There are some ways you can compare the data to get somewhat similar time periods and only look at active links.

If you filter the Semrush backlinks report for “Active” links, you’ll have a somewhat more accurate number to compare against the Ahrefs dashboard number.

Alternatively, if you use the “Show history: Last 6 months” option in the Ahrefs backlink report, this would include lost links and be a fairer comparison to Semrush’s dashboard number.

Here’s an example of how to get more similar data:

Semrush Dashboard: 5.1K = Ahrefs (6-month date comparison): 5.6K
Semrush All Links: 5.1K = Ahrefs (6-month date comparison): 5.6K
Semrush Active Links: 2.9K = Ahrefs Dashboard: 3.5K = Ahrefs (no date comparison): 3.5K

What you should not compare is Semrush Dashboard and Ahrefs Dashboard numbers.

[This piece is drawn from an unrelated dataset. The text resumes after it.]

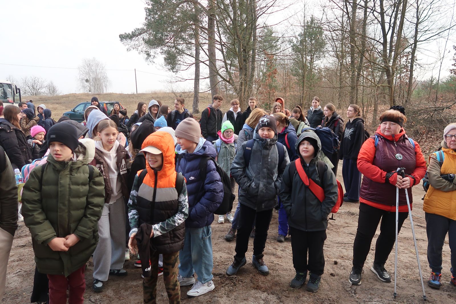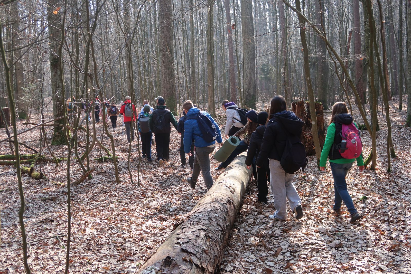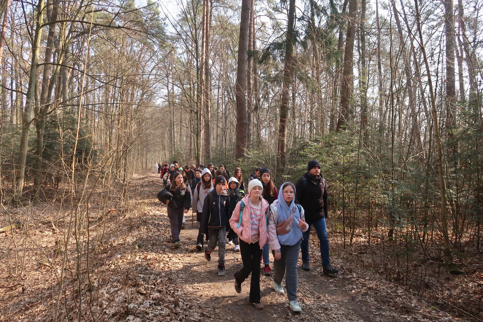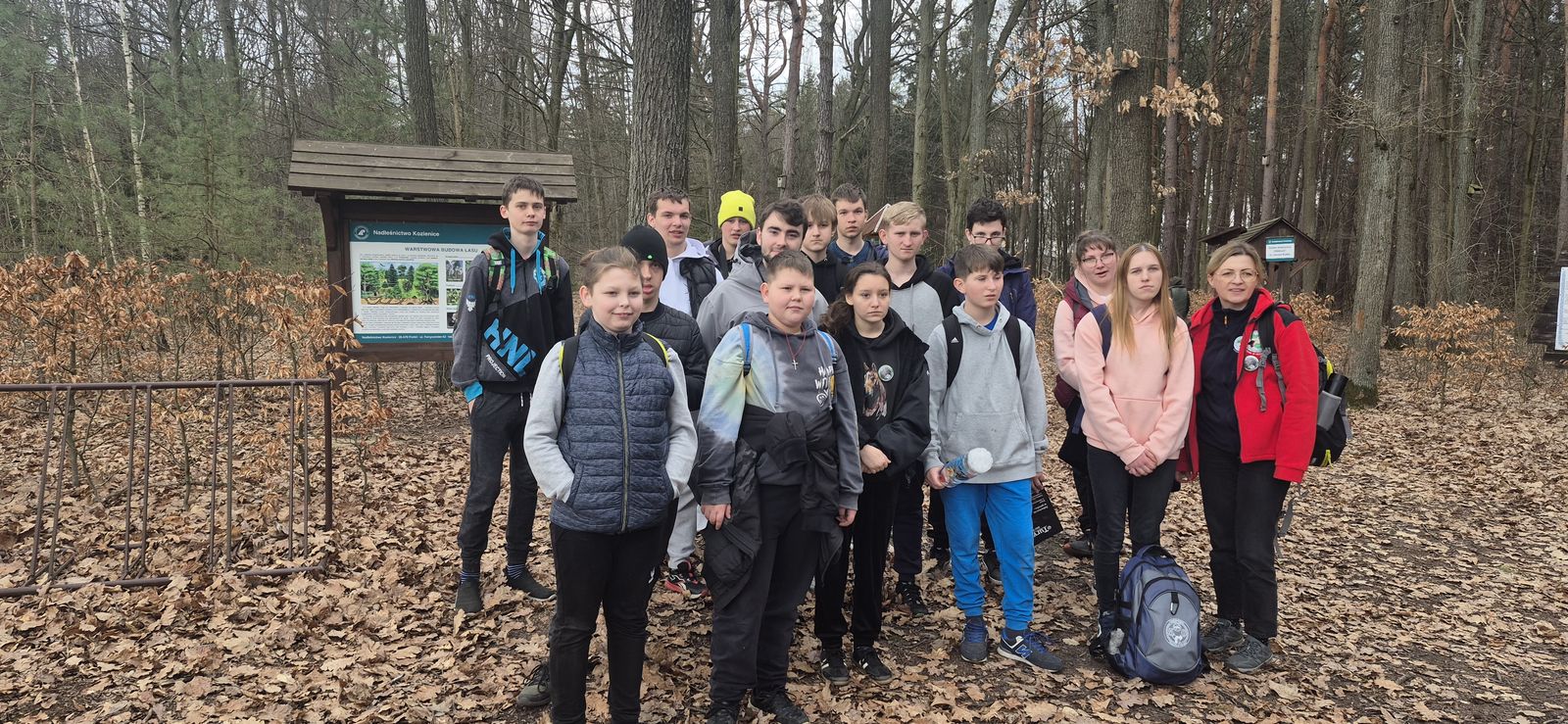 Wyruszyliśmy na trasę z Augustowa. Po przejściu kilkuset metrów dotarliśmy do urokliwej doliny Brzeźniczki. Woda na zbiorniku jeszcze nie rozmarzła - czeka na wiosnę:). Następnie, trochę na przełaj, przeszliśmy do leśnej mogiły z czasów I wojny światowej. Dalej, klucząc leśnymi duktami, dotarliśmy do rezerwatu Brzeźniczka. Tu o jego walorach opowiedział pani Karolina Bukowska z Nadleśnictwa Kozienice. Później, idąc tzw. Czarną Drogą, doszliśmy do Pionek i siedziby Nadleśnictwa Kozienice. Tam czekał na wszystkich gorący posiłek i oczywiście test krajoznawczy z nagrodami.

The number in Semrush (5.1K) includes dead links. The number in Ahrefs (3.5K) doesn’t; it’s only live links!

Note that the time periods may not be exactly the same as mentioned before because of the extra days in the Semrush data. You could look at what day their data stops and select that exact day in the Ahrefs data to get an even more accurate, but still not quite accurate comparison.

I don’t think the comparison works at all with larger domains because of an issue in Semrush. Here’s what I saw for semrush.com:

Semrush Dashboard: 48.7M = Ahrefs (6 month date comparison): 24.7M
Semrush All Links: 48.7M = Ahrefs (6 month date comparison): 24.7M
Semrush Active Links: 1.8M = Ahrefs Dashboard: 15.9M = Ahrefs (no date comparison): 15.9M

So that’s 1.8M active links in Semrush vs 15.9M active in Ahrefs. But as I said, I don’t think this is a fair comparison. Semrush seems to have an issue with larger sites. There is a warning in Semrush that says, “Due to the size of the analyzed domain, only the most relevant links will be shown.” It’s possible they’re not showing all the links, but this is suspicious because they will show the total for all links which is a larger number, and I can filter those in other ways.

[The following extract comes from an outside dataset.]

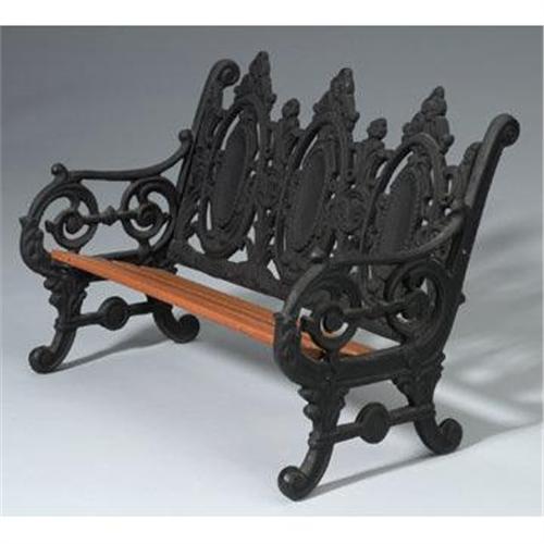 Brand new cast iron dollhouse bench, with medium brown finish, wood slat seat, Dimensions: 10"h, 15"w, 10"d

I can also sort normally by the oldest last seen date and see all the links, but when I do last seen + active, I see only 608K links. I can’t get more than 50k rows in their system to investigate this further, but something is fishy here.

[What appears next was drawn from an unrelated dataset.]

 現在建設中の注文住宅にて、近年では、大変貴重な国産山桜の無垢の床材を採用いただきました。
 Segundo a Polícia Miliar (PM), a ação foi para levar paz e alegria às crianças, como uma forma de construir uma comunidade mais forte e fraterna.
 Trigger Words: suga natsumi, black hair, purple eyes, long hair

Solving for all the issues is a lot of work

There are a lot of different things you’d have to solve for here:

The extra days in Semrush’s data that you’ll have to remove or add to the Ahrefs number.
Remember that Semrush also includes dead RDs in their dashboard numbers. So you need to filter their RD report to just “Active” to get the live ones.
Remember that half the links in the test of Semrush live data were actually dead, so I would suspect that a number of the RDs are actually lost as well. You could possibly look for domains with low link counts and just crawl the listed links from those to remove most of the dead ones.
After all that, you’re still going to need to strip the domains down to the root domain only to account for the differences in what each tool may be counting as a domain.

What is a domain?

Ahrefs currently shows 206.3M RDs in our database and Semrush shows 1.6B. Domains are being counted in extremely different ways between the tools.

Ahrefs has 340B pages and 206M domains in the index

According to the major sources who look at these kinds of things, the number of domains on the internet seems to be between 269M–359M and the number of websites between 1.1B–1.5B, with 191M–200M of them being active.

Semrush’s number of RDs is higher than the number of domains that exist.

I believe Semrush may be confusing different terms. Their numbers match fairly closely with the number of websites on the internet, but that’s not the same as the number of domains. Plus, many of those websites aren’t even live.

It’s going to get more complicated to compare these numbers

Part of our process is dropping spam domains, and we also treat some subdomains as different domains. We come up close to the numbers from other 3rd party studies for the number of active websites and domains, whereas Semrush seems to come in closer to the total number of websites (including inactive ones).

We’re going to simplify our methodology soon so that one domain is actually just one domain. This is going to make our RD numbers go down, but be more accurate to what people actually consider a domain. It’s also going to make for an even bigger disparity in the numbers between the tools.

I ran some quality checks for both the first-seen and last-seen link data. On every site I checked, Ahrefs picked up more links first and on most Ahrefs updated the links more recently than Semrush. Don’t just believe me, though; check for yourself.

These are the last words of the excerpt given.